#ColoradoRiver: 2019 State of the River meeting recap: “The long-term trend is that it’s drier” — Hannah Holm #COriver #aridification

Changing nature of Colorado River droughts, Udall/Overpeck 2017.

From The Grand Junction Daily Sentinel (Katie Langford):

Despite plentiful snowfall this winter and a rainy spring on the Western Slope, local water experts took a cautious tone at the 2019 State of the River meeting Tuesday night.

Snowpacks and inflow at reservoirs across the state are well above average, but that isn’t necessarily an indicator for the future, said Erik Knight, a hydrologist with the U.S. Bureau of Reclamation.

There have been multiple examples of precipitation swinging from very dry to very wet and back again the next year, Knight said…
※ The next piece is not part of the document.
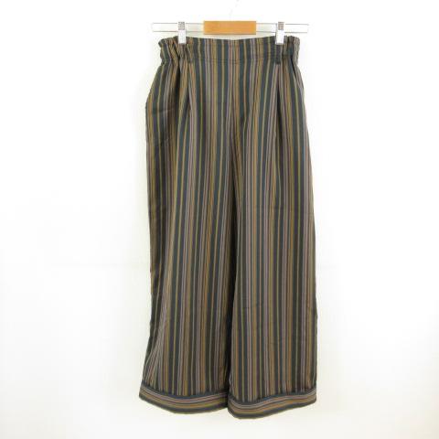 【中古】ミスティウーマン mysty woman ワイドパンツ ロング ストライプ 緑 茶 M *T324 レディース
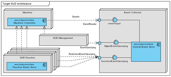 In all these systems, there are “Machines” (i.e., gaming machines, drones or military vehicles) that generate the events that are central to the system operation. Each machine has a controller component that is used to integrate it with the SUD. Machines may send events to a central component (Event Collector) that has a central event store or to specific modules controlling different functions of the SUD, which may also have local event stores. An SUD Management module also exists, to coordinate the rest of the SUD.

Hannah Holm, coordinator for the Hutchins Water Center at Colorado Mesa University, said while a wet year can give water users a break, it doesn’t change trends.

“The long-term trend is that it’s drier,” Holm said. “The overall precipitation trend is flat, but because of increased temperatures over that same time frame, the amount of water in the river is going down.”

Water users like towns and cities, farmers and the recreation industry are still collaborating on a solution for the problem of less water to go around, Holm said.